The White Sox, uh, haven’t been doing that kind of thing on a regular basis.
It’s not to say there haven’t been bright spots, of course, and the early season gripes that hitters were being too aggressive (or rather, not being patient enough) have been rendered moot in certain cases, specifically with Anderson and Robert, the team’s two best hitters being guys whose bread and butter is based on aggression.
That’s not to say that every player on the team would benefit from the same approach, obviously. But maybe let the guy who’s hitting close to .330 keep swinging.
On the other hand, everyone being a little more like Anderson and Robert might actually lead to more of that “patience” White Sox fans have clamored for.
“The way you draw walks is (for) the other side to know you’re aggressive, and they start out making pitches from the first thing they throw,” La Russa said. “Most of these guys, if you force them to throw to the edges, all of a sudden your count is going to be 2-0, 2-1 and 3-1. And if you maintain that discipline and you don’t get that great pitch, you walk.
“To me, that’s what we’re not doing.
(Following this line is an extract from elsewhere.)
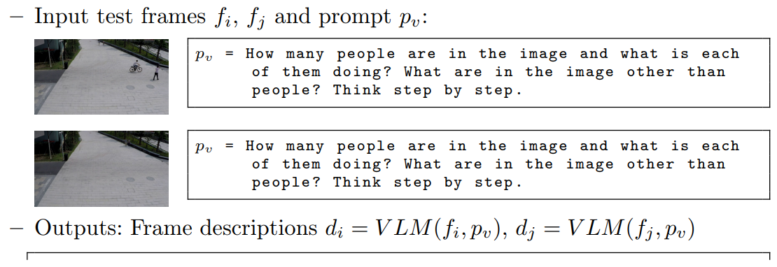 이후, 해당 모듈은 "사람들은 무엇을 하고 있나요?", "사람 외에 이미지에는 무엇이 있나요?" 와 같은 프롬프트 $p_v$와 함께 정상 참조 프레임의 텍스트 설명 $D_{\text{normal}} = \{VLM(f_{\text{normal}_i}, p_v) \mid f_{\text{normal}_i} \in F_{\text{normal}}\}$ 을 출력합니다.

We’re pretty high up there for chasing out of the strike zone, which means we’re not getting a lot of walks. The answer is not to give them Strike 1 and be more disciplined getting strikes.”
If only the solves were as easily done as they are said.
The White Sox were silenced by Brady Singer in the second half of Tuesday’s doubleheader, doing practically nothing offensively while Anderson, Abreu and Grandal sat on the bench. A laser of a base hit off Robert’s bat in the first inning was no harbinger of things to come, and the offensive struggles were exemplified in a 2-1 defeat.
But that the day’s first game was close enough that La Russa had to call on Liam Hendriks said plenty, too.
If the White Sox are going to reach their championship-level goals, it’s the biggest “duh” statement in the world that they’re going to have to start hitting – and hitting much more than even the winning efforts have seen.
Abreu getting things going can be of particularly important help.
For the White Sox’ sake, they’ll hope the primal screams coming from the clubhouse are bringing Abreu’s bat to life.